- **How to complete this task**:
Each entry below should be printed exactly, with every image left out.

· · · · · · ·

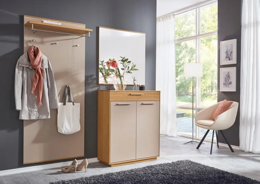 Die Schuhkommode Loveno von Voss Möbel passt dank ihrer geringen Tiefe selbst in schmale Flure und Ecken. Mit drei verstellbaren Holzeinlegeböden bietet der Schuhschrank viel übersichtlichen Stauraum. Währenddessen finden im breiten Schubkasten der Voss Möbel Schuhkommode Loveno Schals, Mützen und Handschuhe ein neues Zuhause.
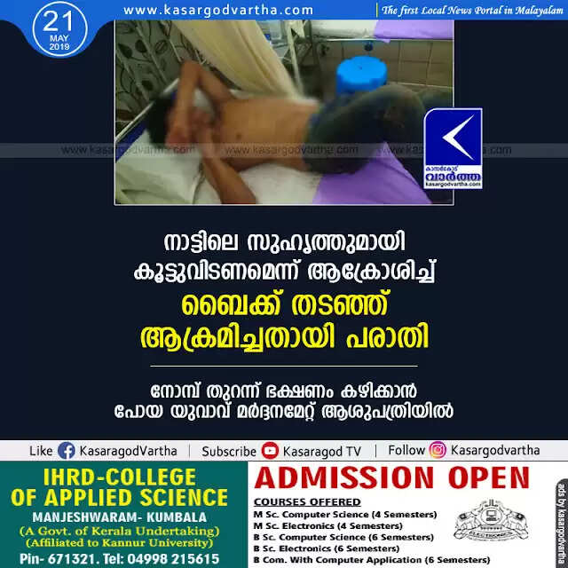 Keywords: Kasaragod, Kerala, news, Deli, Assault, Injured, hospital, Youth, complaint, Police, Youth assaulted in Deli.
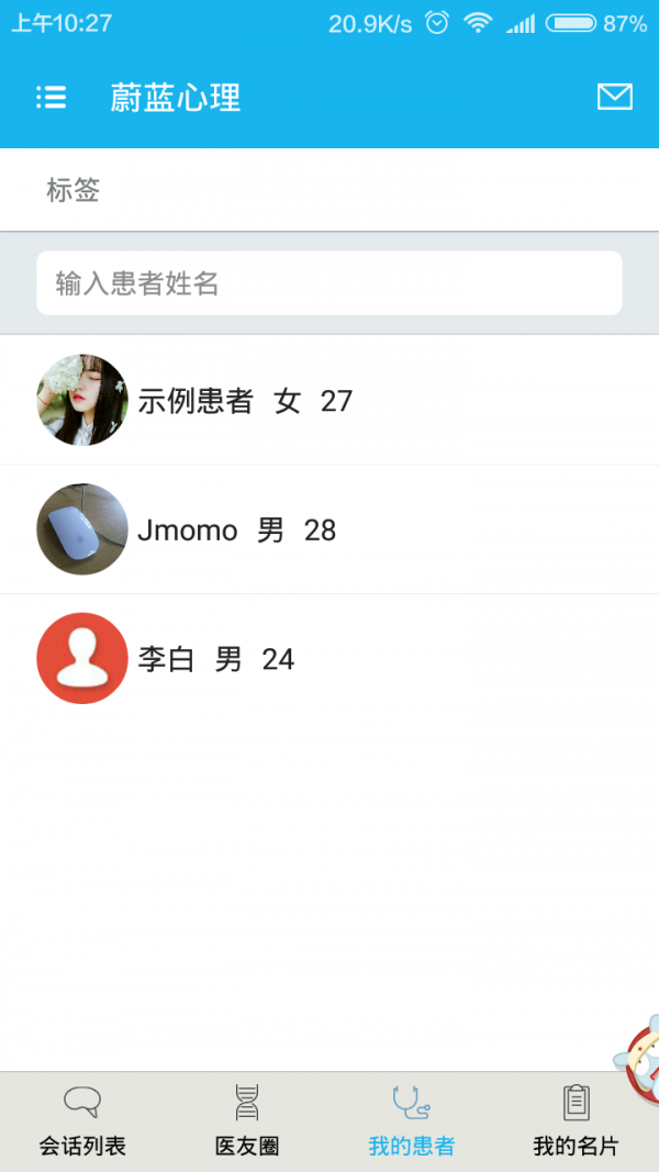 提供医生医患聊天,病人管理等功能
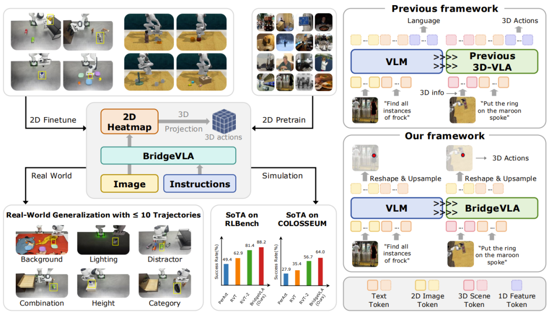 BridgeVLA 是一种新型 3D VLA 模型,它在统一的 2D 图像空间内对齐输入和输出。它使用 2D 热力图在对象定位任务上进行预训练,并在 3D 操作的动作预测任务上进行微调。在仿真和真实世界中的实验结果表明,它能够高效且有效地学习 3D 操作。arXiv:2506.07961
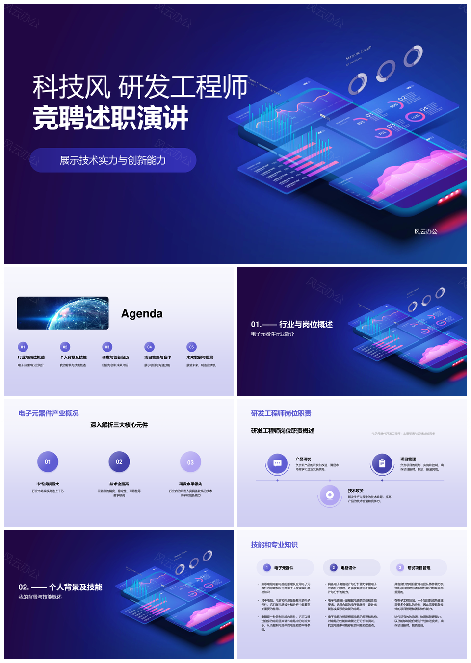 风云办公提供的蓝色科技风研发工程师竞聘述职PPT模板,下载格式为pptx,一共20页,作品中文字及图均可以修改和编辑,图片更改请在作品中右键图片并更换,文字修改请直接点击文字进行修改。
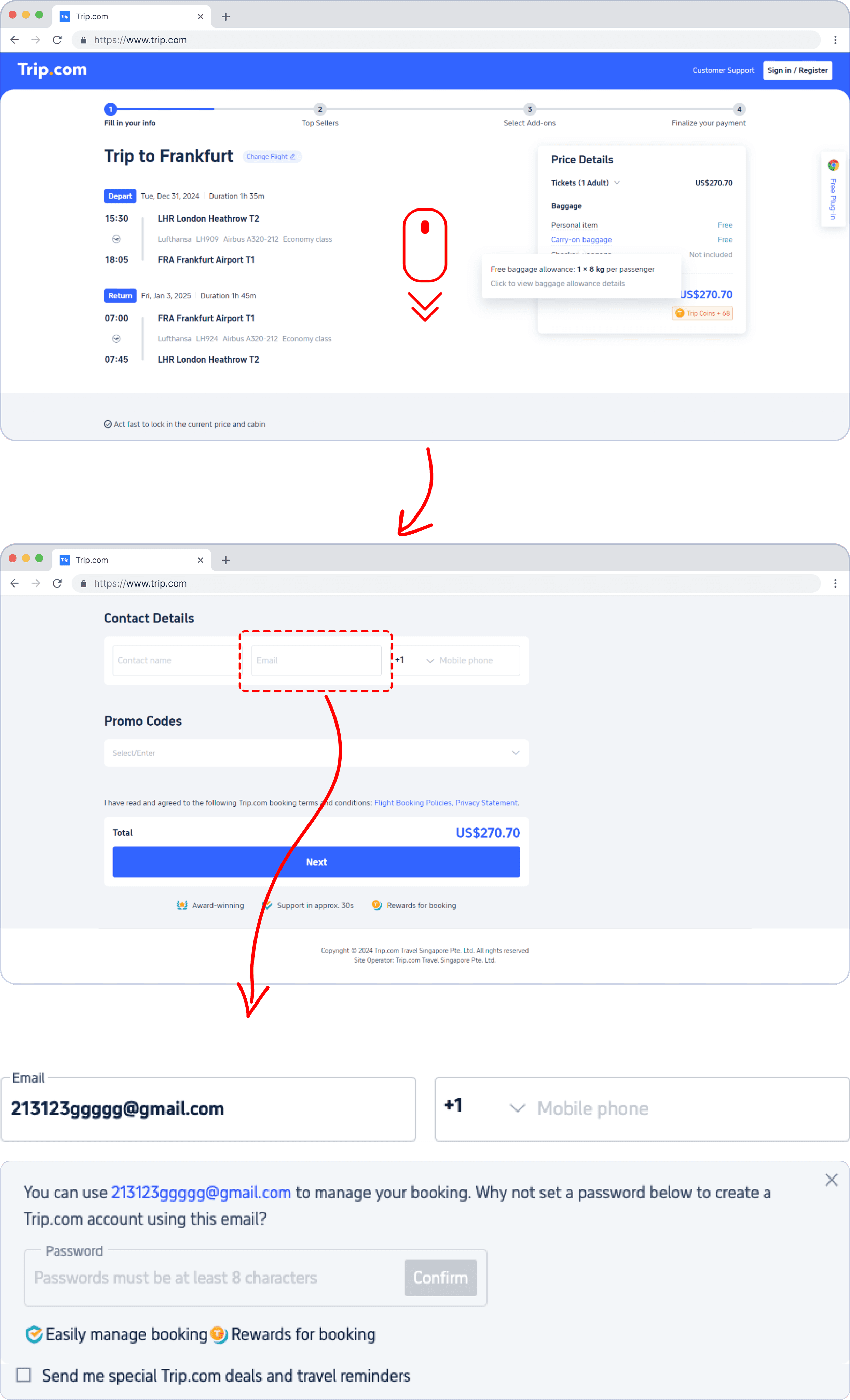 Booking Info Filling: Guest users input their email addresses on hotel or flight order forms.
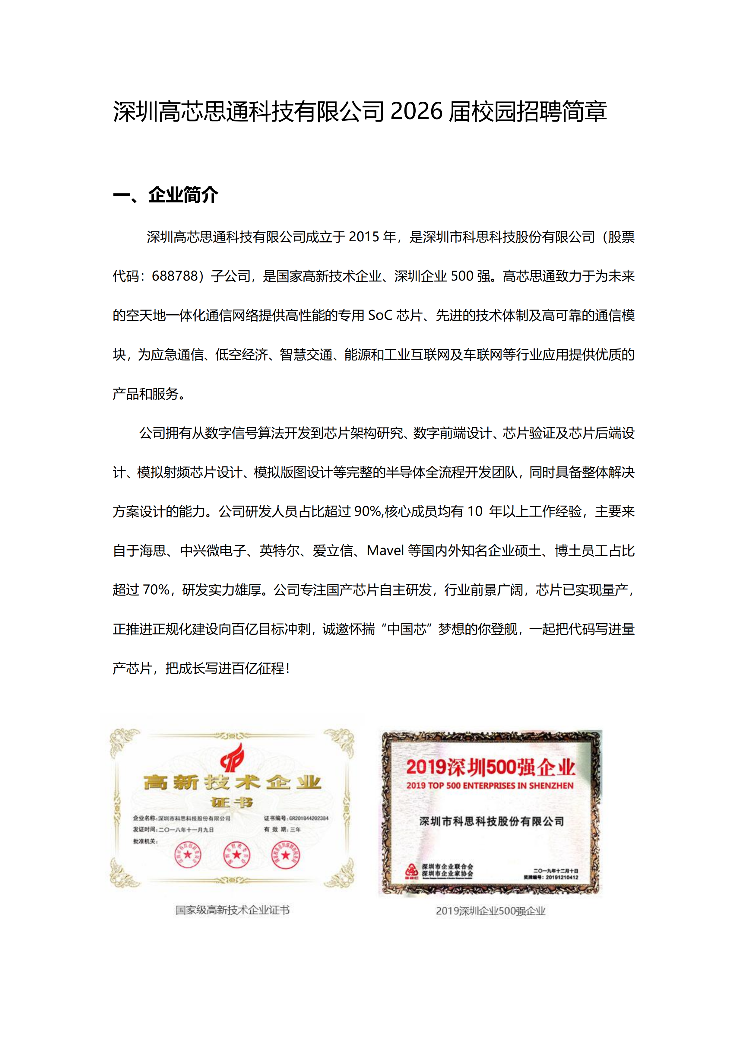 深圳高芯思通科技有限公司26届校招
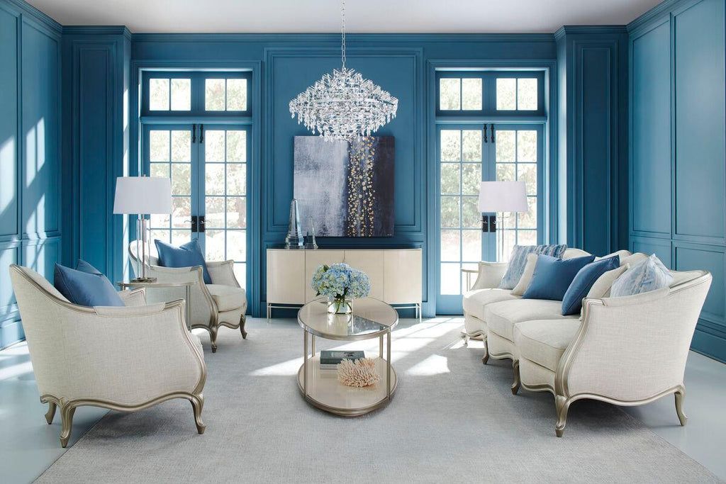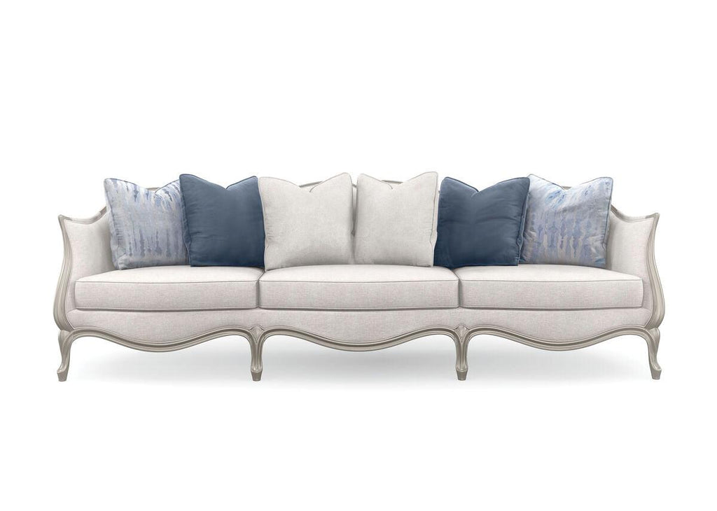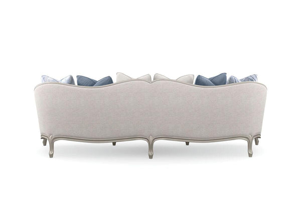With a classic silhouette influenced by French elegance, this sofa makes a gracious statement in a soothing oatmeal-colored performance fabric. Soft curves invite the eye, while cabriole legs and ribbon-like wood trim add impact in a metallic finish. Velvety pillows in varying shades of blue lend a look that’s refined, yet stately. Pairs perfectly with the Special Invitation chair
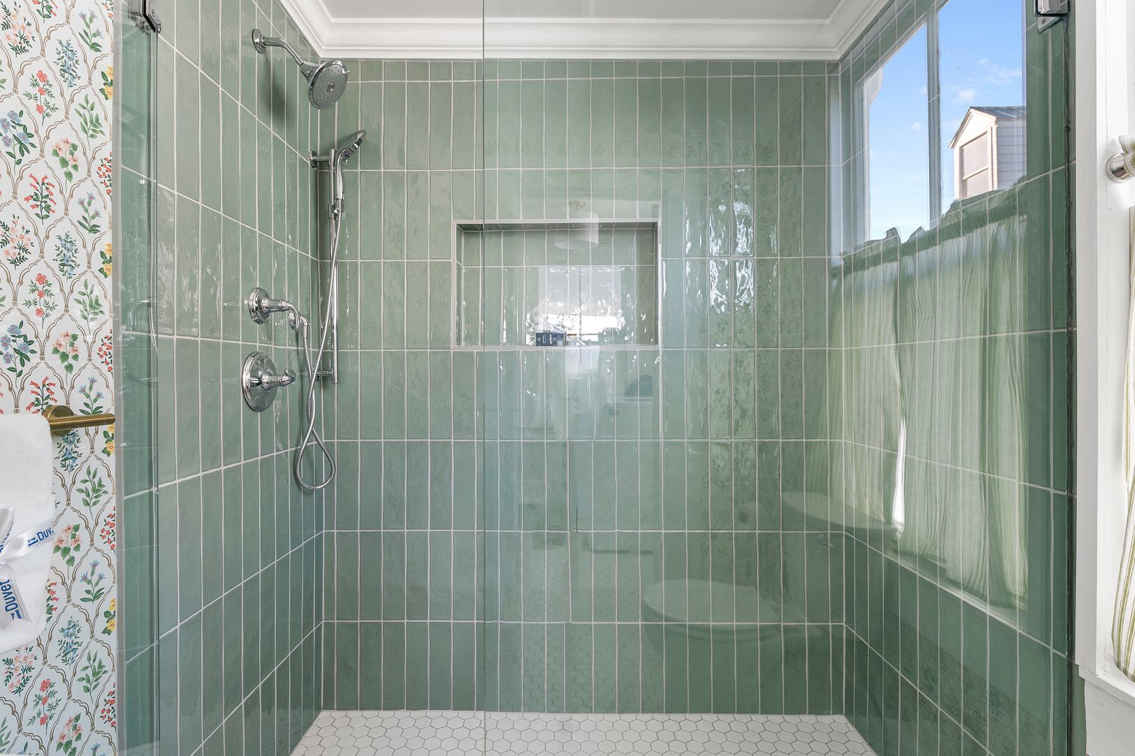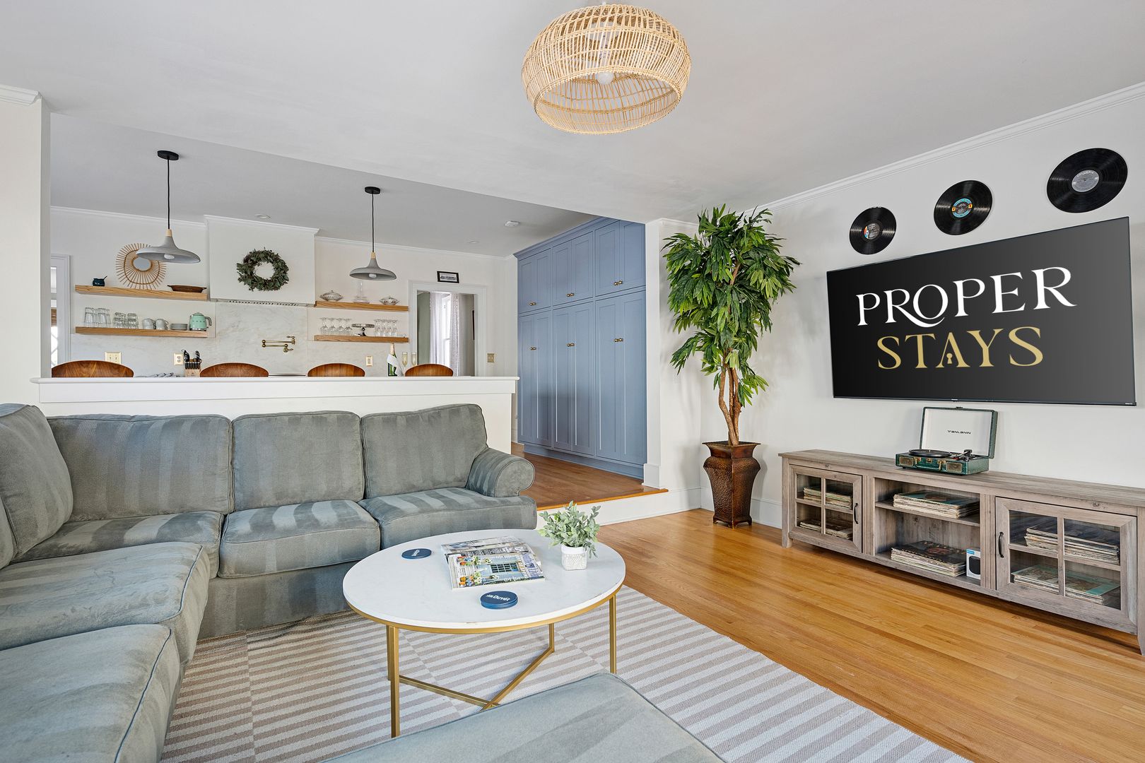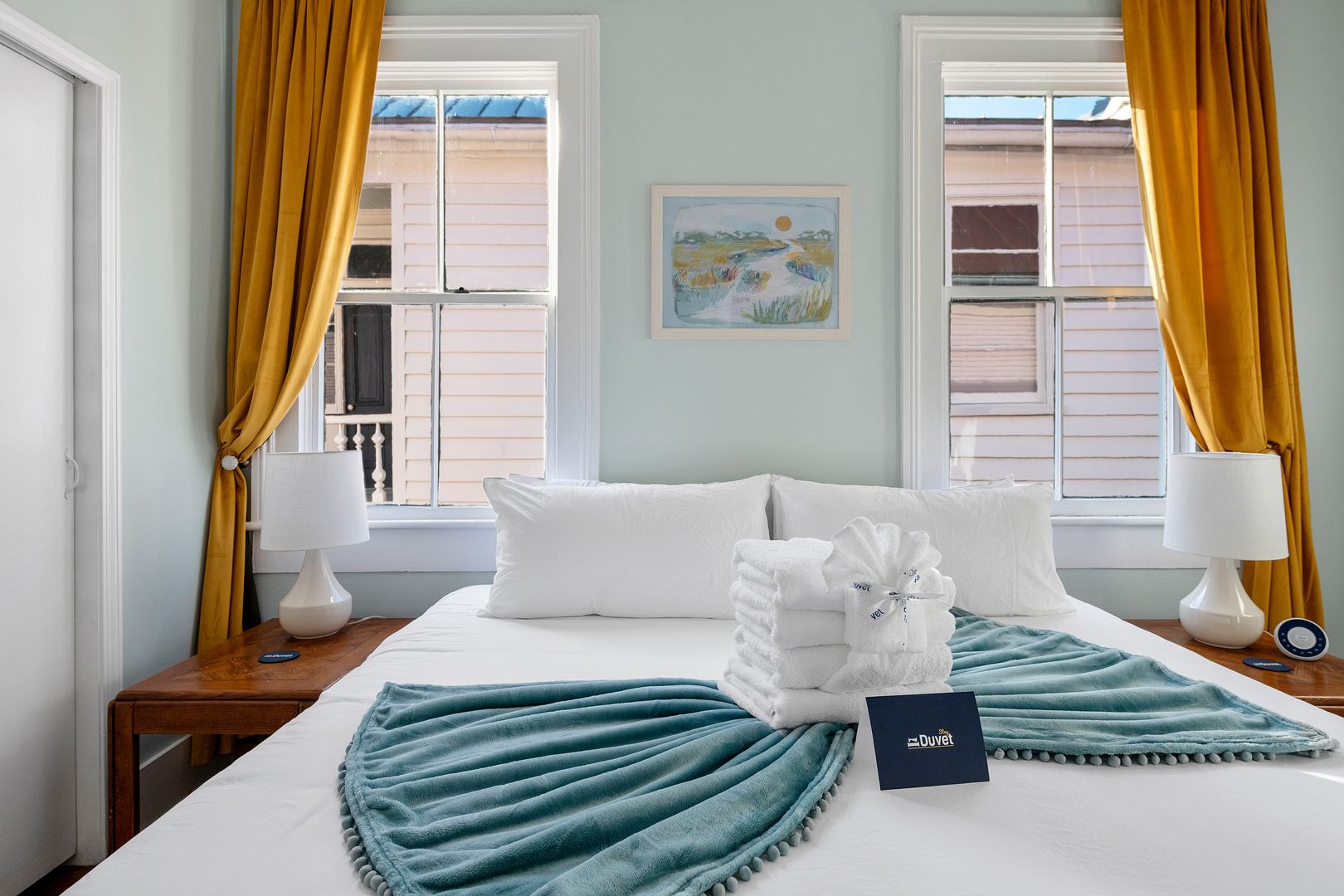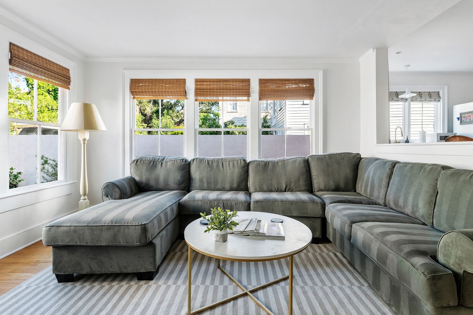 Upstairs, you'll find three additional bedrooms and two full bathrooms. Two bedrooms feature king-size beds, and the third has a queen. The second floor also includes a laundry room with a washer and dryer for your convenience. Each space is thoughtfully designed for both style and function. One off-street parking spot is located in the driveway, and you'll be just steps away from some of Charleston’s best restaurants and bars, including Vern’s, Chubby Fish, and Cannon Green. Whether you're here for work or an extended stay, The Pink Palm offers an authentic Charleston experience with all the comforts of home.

· · · · · · ·

- **Result for this exercise**:
 Die Schuhkommode Loveno von Voss Möbel passt dank ihrer geringen Tiefe selbst in schmale Flure und Ecken. Mit drei verstellbaren Holzeinlegeböden bietet der Schuhschrank viel übersichtlichen Stauraum. Währenddessen finden im breiten Schubkasten der Voss Möbel Schuhkommode Loveno Schals, Mützen und Handschuhe ein neues Zuhause.
 Keywords: Kasaragod, Kerala, news, Deli, Assault, Injured, hospital, Youth, complaint, Police, Youth assaulted in Deli.
 提供医生医患聊天,病人管理等功能
 BridgeVLA 是一种新型 3D VLA 模型,它在统一的 2D 图像空间内对齐输入和输出。它使用 2D 热力图在对象定位任务上进行预训练,并在 3D 操作的动作预测任务上进行微调。在仿真和真实世界中的实验结果表明,它能够高效且有效地学习 3D 操作。arXiv:2506.07961
 风云办公提供的蓝色科技风研发工程师竞聘述职PPT模板,下载格式为pptx,一共20页,作品中文字及图均可以修改和编辑,图片更改请在作品中右键图片并更换,文字修改请直接点击文字进行修改。
 Booking Info Filling: Guest users input their email addresses on hotel or flight order forms.
 深圳高芯思通科技有限公司26届校招
With a classic silhouette influenced by French elegance, this sofa makes a gracious statement in a soothing oatmeal-colored performance fabric. Soft curves invite the eye, while cabriole legs and ribbon-like wood trim add impact in a metallic finish. Velvety pillows in varying shades of blue lend a look that’s refined, yet stately. Pairs perfectly with the Special Invitation chair
 Upstairs, you'll find three additional bedrooms and two full bathrooms. Two bedrooms feature king-size beds, and the third has a queen. The second floor also includes a laundry room with a washer and dryer for your convenience. Each space is thoughtfully designed for both style and function. One off-street parking spot is located in the driveway, and you'll be just steps away from some of Charleston’s best restaurants and bars, including Vern’s, Chubby Fish, and Cannon Green. Whether you're here for work or an extended stay, The Pink Palm offers an authentic Charleston experience with all the comforts of home.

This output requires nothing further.